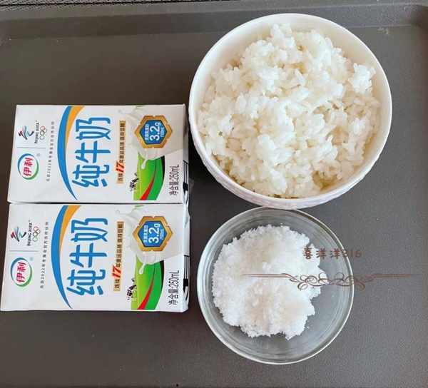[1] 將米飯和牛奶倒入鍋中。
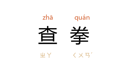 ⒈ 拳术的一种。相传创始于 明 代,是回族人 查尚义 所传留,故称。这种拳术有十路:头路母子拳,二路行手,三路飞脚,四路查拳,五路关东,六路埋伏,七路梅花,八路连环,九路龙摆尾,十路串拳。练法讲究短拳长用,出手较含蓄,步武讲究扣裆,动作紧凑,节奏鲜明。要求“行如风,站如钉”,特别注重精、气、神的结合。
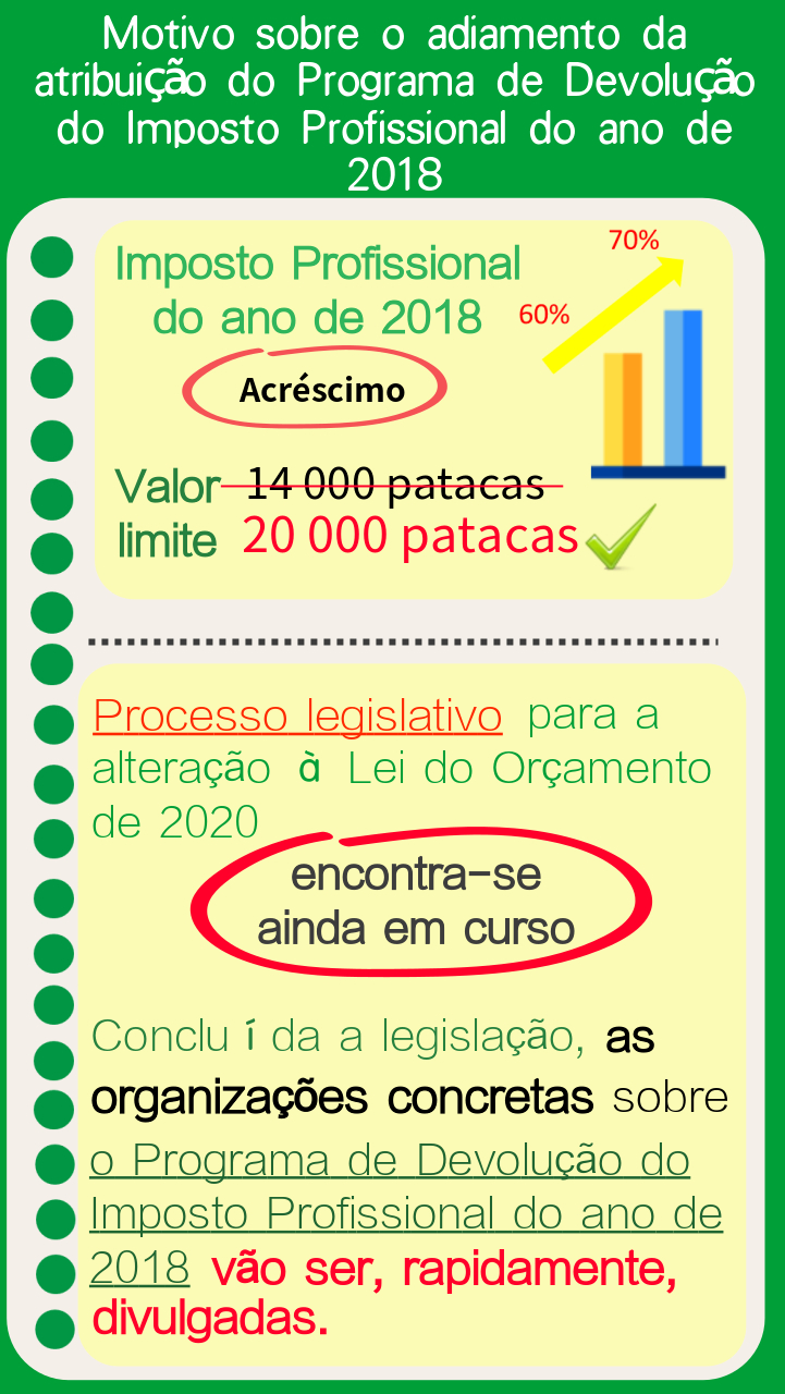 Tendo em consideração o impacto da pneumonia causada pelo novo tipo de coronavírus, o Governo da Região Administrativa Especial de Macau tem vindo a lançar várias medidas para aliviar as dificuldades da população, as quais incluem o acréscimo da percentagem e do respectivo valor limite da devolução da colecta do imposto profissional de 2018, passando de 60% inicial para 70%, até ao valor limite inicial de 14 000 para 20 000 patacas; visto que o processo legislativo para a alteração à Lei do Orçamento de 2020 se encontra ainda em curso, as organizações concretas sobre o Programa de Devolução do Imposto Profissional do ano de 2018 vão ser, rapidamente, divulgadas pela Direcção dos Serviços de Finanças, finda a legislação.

----------------

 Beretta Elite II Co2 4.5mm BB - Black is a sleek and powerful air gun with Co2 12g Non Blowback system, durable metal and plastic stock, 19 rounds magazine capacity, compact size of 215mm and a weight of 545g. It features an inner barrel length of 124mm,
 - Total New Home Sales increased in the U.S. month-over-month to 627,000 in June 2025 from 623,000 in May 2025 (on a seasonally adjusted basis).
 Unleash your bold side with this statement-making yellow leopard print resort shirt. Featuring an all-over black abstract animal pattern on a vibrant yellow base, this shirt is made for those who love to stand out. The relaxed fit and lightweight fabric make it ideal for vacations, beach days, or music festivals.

----------------

● **Instructions for the task**
Check each line of the records for the string "with" and copy those that have it.

● **Written solution**
 Beretta Elite II Co2 4.5mm BB - Black is a sleek and powerful air gun with Co2 12g Non Blowback system, durable metal and plastic stock, 19 rounds magazine capacity, compact size of 215mm and a weight of 545g. It features an inner barrel length of 124mm,
 Unleash your bold side with this statement-making yellow leopard print resort shirt. Featuring an all-over black abstract animal pattern on a vibrant yellow base, this shirt is made for those who love to stand out. The relaxed fit and lightweight fabric make it ideal for vacations, beach days, or music festivals.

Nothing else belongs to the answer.